Before copying, set the images aside; then transcribe every entry below exactly.

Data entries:

+++

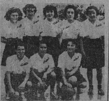
El equipo de Corte de Barcelona, actual campeón de España de baloncesto de Educación y Descanso, que disputa hoy la final con el Glut de Alicante

Más comprometido el equipo catalán, con más empuje y calidad individual en las alicantinas. Nos inclinamos por el juego de conjunto, si no hubiéramos visto una gran facilidad en las levantas para encestar. La final masculina aún tiene menos puntos de referencia: Talleres de Aviación de Baleares ganó ampliamente en la semifinal a los asturianos y entre sus componentes hay elementos prometedores que saben desmarcarse bien y tirar con acierto, pero tengamos en cuenta que su rival, Hidroeléctrica del Chorro de América—ga-
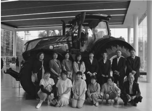
日本ニューホランド(株)での集合写真
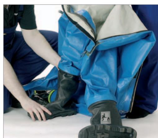
Mit dem rechten Fuß in den rechten Stiefel steigen.
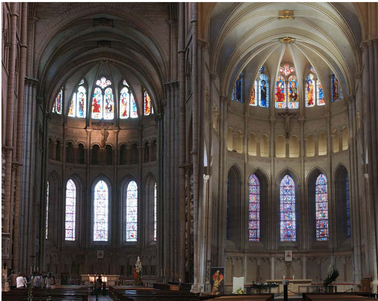
Vue du chœur avant restauration
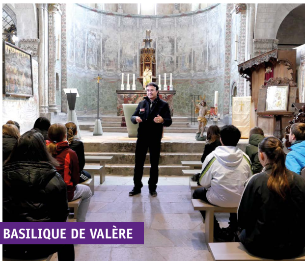
BASILIQUE DE VALÈRE

Résonances a opté pour une découverte traversante, de façon à vous donner un aperçu du programme, en évoquant une activité par lieu (alors qu'il y en avait deux à chaque étape). Cette visite partielle est descendante, du château de Valère, sis sur la colline opposée à Tourbillon, aux sous-sols des archives. L'objectif était aussi d'illustrer chacun des lieux de visites.
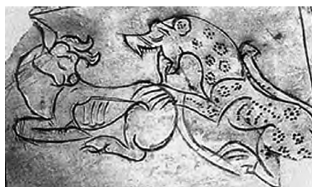
تصویر ۴۹- کردستان.
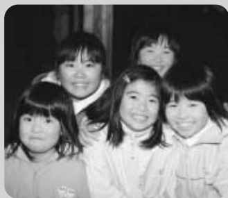
まちで出会ったかわいい笑顔
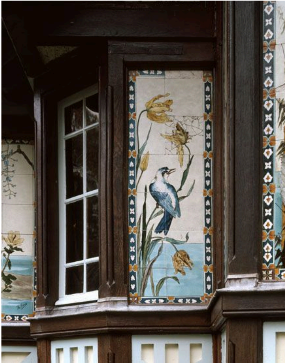
La façade nord est du pavillon chinois : détail de la céramique encadrant la grande fenêtre.
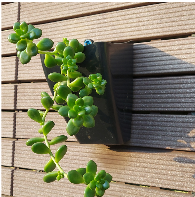
Vista frontal após montagem do conjunto.
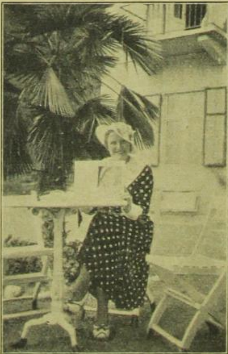
Eine treue Magazinfreundin im sonnigen Süden
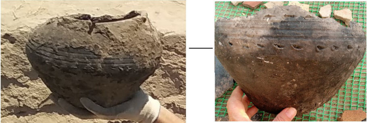
Şəkil 3. Dəmir dövrünə aid çölmək (I Xələc-2024).
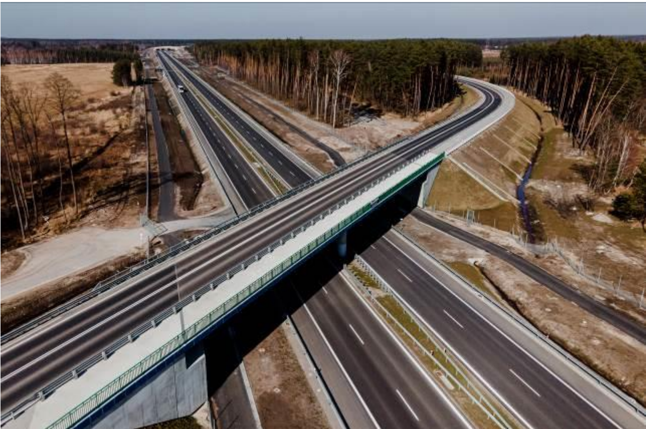
S19 Nisko Południe-Podgórze

W I kwartale 2022 roku nie tworzono odpisów aktualizujących wartość należności, rozwiązano odpisy z tego tytułu w kwocie 1.121 tys. zł.
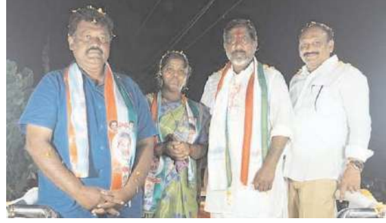
పార్టీలో చేరినట్లు హామీ సందర్భంగా తెలియజేశారు.

+++

Answer below:
El equipo de Corte de Barcelona, actual campeón de España de baloncesto de Educación y Descanso, que disputa hoy la final con el Glut de Alicante

Más comprometido el equipo catalán, con más empuje y calidad individual en las alicantinas. Nos inclinamos por el juego de conjunto, si no hubiéramos visto una gran facilidad en las levantas para encestar. La final masculina aún tiene menos puntos de referencia: Talleres de Aviación de Baleares ganó ampliamente en la semifinal a los asturianos y entre sus componentes hay elementos prometedores que saben desmarcarse bien y tirar con acierto, pero tengamos en cuenta que su rival, Hidroeléctrica del Chorro de América—ga-
日本ニューホランド(株)での集合写真
Mit dem rechten Fuß in den rechten Stiefel steigen.
Vue du chœur avant restauration
BASILIQUE DE VALÈRE

Résonances a opté pour une découverte traversante, de façon à vous donner un aperçu du programme, en évoquant une activité par lieu (alors qu'il y en avait deux à chaque étape). Cette visite partielle est descendante, du château de Valère, sis sur la colline opposée à Tourbillon, aux sous-sols des archives. L'objectif était aussi d'illustrer chacun des lieux de visites.
تصویر ۴۹- کردستان.
まちで出会ったかわいい笑顔
La façade nord est du pavillon chinois : détail de la céramique encadrant la grande fenêtre.
Vista frontal após montagem do conjunto.
Eine treue Magazinfreundin im sonnigen Süden
Şəkil 3. Dəmir dövrünə aid çölmək (I Xələc-2024).
S19 Nisko Południe-Podgórze

W I kwartale 2022 roku nie tworzono odpisów aktualizujących wartość należności, rozwiązano odpisy z tego tytułu w kwocie 1.121 tys. zł.
పార్టీలో చేరినట్లు హామీ సందర్భంగా తెలియజేశారు.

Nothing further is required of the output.